┏━━
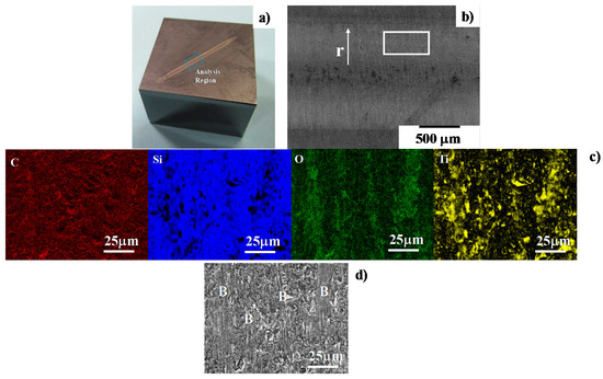 SEM and EDX analyses away from the center of the contact interface between the SiC-coated punch and the titanium wire after forging by 10 shots up to the reduction of the diameter by 35%. (a) Optical microscopic image on the SiC coating punch surface; (b) SEM image in low magnification on the contact interface of the SiC coating; (c) element mapping by C, Si, O and Ti and (d) SEM image in high magnification away from the center, where “B” represents the titanium oxide deposits.
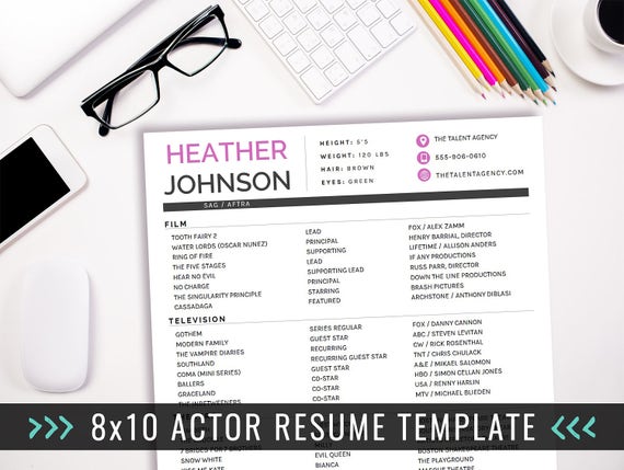 Actor Resume Template 8 X 10 Acting Resume Instant Digital Download Ms Word Actor Marketing Heather Fuschia
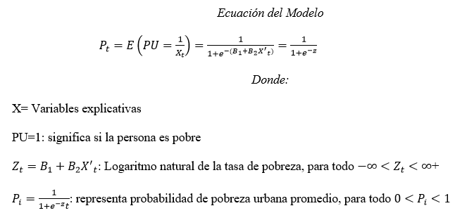 [Ecuación del Modelo]El Modelo de Regresión Logit sirvió para representar correspondencia, pobreza y activos, de modo que se pueda identificar como los activos humanos, físicos privados - públicos, institucional cómo social, que inciden en el grado de pobreza de los hogares de la Macrorregión centro del Perú.
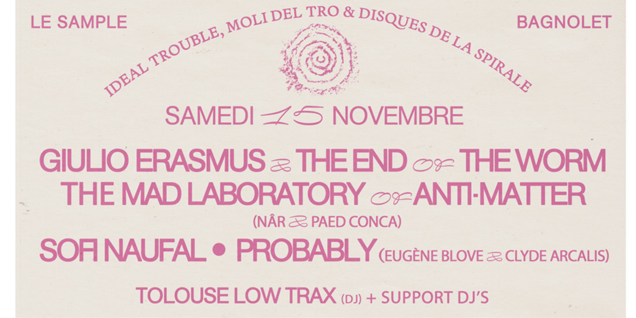 Grammaire réduite et anticipation d’un nouveau passé le 15 novembre au Sample à Bagnolet – ideal trouble, moli del tro et disques de la spirale y proposeront dès 16h :
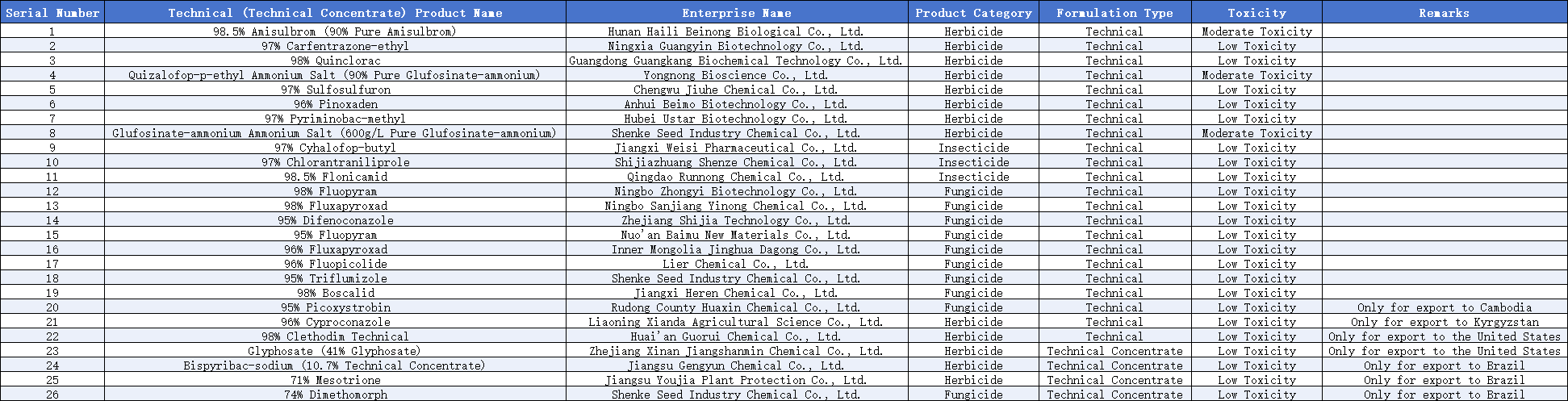 Among the numerous products in this announcement, the 26 new Technical Concentrate (TC) registrations are undoubtedly the centerpiece of the analysis, as they represent the earliest movements in the industry's value chain. This batch includes 22 Technical Grade products and 4 Technical Concentrates, with five of them specifically designated as "for export only," signaling the global ambitions of Chinese agrochemical firms.
┗━━
__YOUR GOAL__: Output exactly, and only, the lines of the entries above from the one with "Actor Resume Template" up to and including the one with "Grammaire réduite et"; pictures are to be left out.

__OUTPUT FOR THIS TASK__:
 Actor Resume Template 8 X 10 Acting Resume Instant Digital Download Ms Word Actor Marketing Heather Fuschia
 [Ecuación del Modelo]El Modelo de Regresión Logit sirvió para representar correspondencia, pobreza y activos, de modo que se pueda identificar como los activos humanos, físicos privados - públicos, institucional cómo social, que inciden en el grado de pobreza de los hogares de la Macrorregión centro del Perú.
 Grammaire réduite et anticipation d’un nouveau passé le 15 novembre au Sample à Bagnolet – ideal trouble, moli del tro et disques de la spirale y proposeront dès 16h :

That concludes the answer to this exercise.